Même lorsqu'on cherche à se mettre à la place des autres, avec toute notre bonne volonté, on reste soi,
avec notre essence et notre expérience, avec l'inné et l'acquis, qui ensemble font de nous des êtres uniques. Bien-sûr, nous sommes des vampires, nous nous nourrissons des autres, nous apprenons des autres,
nous grandissons à leur contact, mais ça n'est pas de l'altruisme, c'est de l'opportunisme pur et simple.

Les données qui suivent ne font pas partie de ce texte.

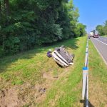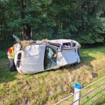 Jadowniki. Zderzenie ciągnika i samochodu osobowego zakończone dachowaniem / 22 czerwca 2023 r.

Je ne sais pas pourquoi il faut absolument se donner bonne conscience avec ça. - Selon toi, on se sert tous les uns des autres ?
- Eh alors ? Quel est le problème si tout le monde trouve son compte ? A vouloir se draper dans une grandeur d'âme ou de beaux sentiments, on devient vite malhonnête. Encore une fois, reconnaître son ego n'empêche pas de s'occuper des autres. Et de le faire bien. Il n'y a rien de plus hypocrite que ces confidences fallacieuses du type " ah moi, je n'ai pas d'ego ", tout le monde en a un et c'est heureux, quel genre d'humains serions-nous si nous n'en avions pas ? Nous accepterions tout des autres ? Nous renoncerions à la justice ? A notre propre dignité ? Certains contiennent mieux leur orgueil que d'autres, mais nous avons tous un orgueil !
Serions-nous des Hommes sans estime de soi ? Ensuite, tout n'est qu'affaire de réglages.
- Donc, je peux me vivre comme le centre du monde sans passer pour un monstre ?
- Pour la bonne et simple raison que nous sommes tous des monstres. D'une part.
Et que là aussi, à l'inverse d'un excès d'humilité suspect qui prétend en minaudant " je n'ai pas d'ego ",
l'excès opposé qui confesse " je suis un monstre " est une provocation qui relève autant de la vanité. Et d'autre part, parce que ton nombril est bien le centre du monde. C'est le tien. Tu n'as pas le choix.